But then again, who is a male or female? If even one’s chromosomes cannot define it!
Next up, is ‘Marriage’, defined differently from different religious points of view, can be either a sanskar in the sanatan dharma sense of the term or a contract/ union between a male and a female from non-dharmik religions point of view.
Now leaving the comparative analysis between both to some other piece, sticking strictly to the issue at hand, Marriages in India can be registered under the respective personal laws Hindu Marriage Act, 1955, Muslim Personal Law Application Act, 1937, or under the Special Marriage Act, 1954.
Since Hindu marriage act and Muslim marriage act are governed by the respective religious beliefs, and is a tricky water to navigate to codify the same sex marriage provisions in it, notwithstanding the uproar it will cause in some well know quarters.

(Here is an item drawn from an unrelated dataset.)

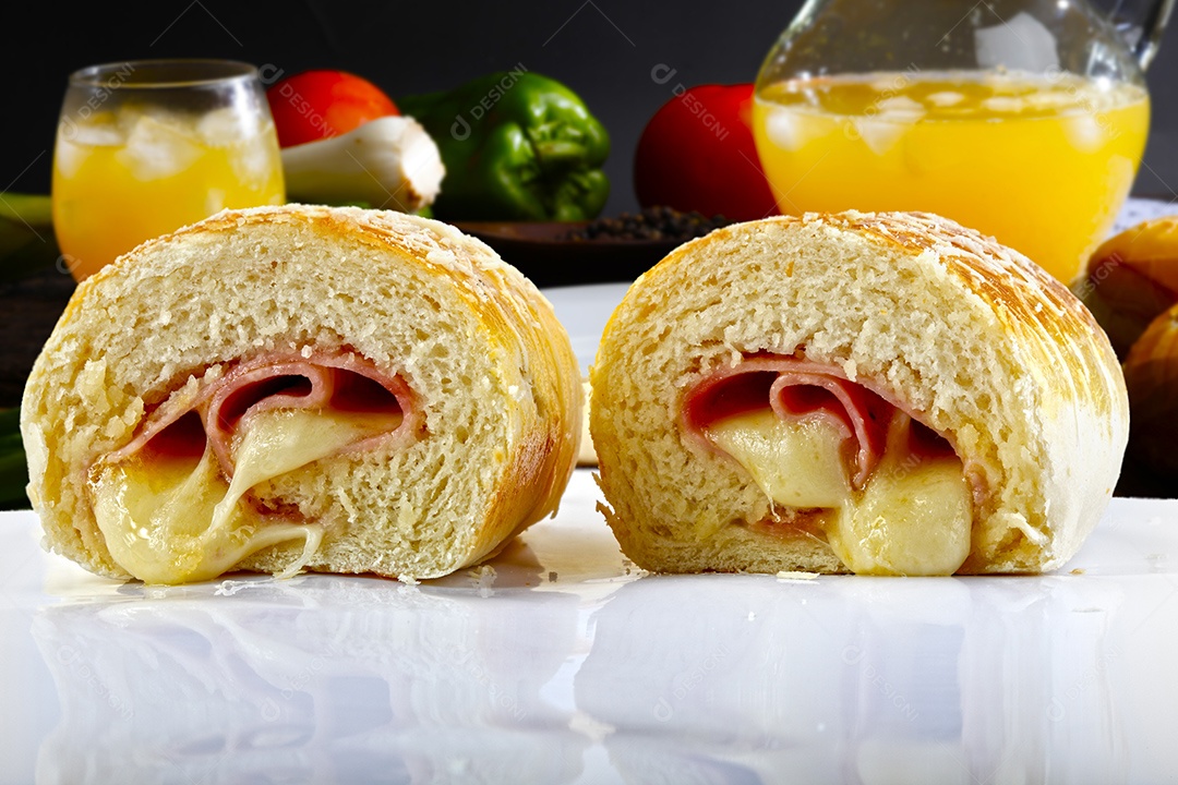 Petisco brasileiro com queijo e presunto

The Special marriage act, Enacted solely for the purpose where people from two different religious backgrounds can come together in the bond of marriage was sought after.
How that law is used to further the agenda of some prehistoric notions and beliefs is a tale of great sorrow and agony.
However, even the special marriage act, rests on the notion of marriage which again is dependent on the lens through which we are seeing ‘marriage’ and further it rests on the notion of marriage between ‘who’.
Getting Complicated? Well the whole point of this exercise was not to present a definite position but to shed light on some basic terminology which is so often used in the whole same sex marriage debate without really understanding the context or the manipulation under which the thing is used to defend one’s argument.
Hopefully, now better armed the debate can be more meaningful and all inclusive that factors various parties/issues under consideration and not in an isolation.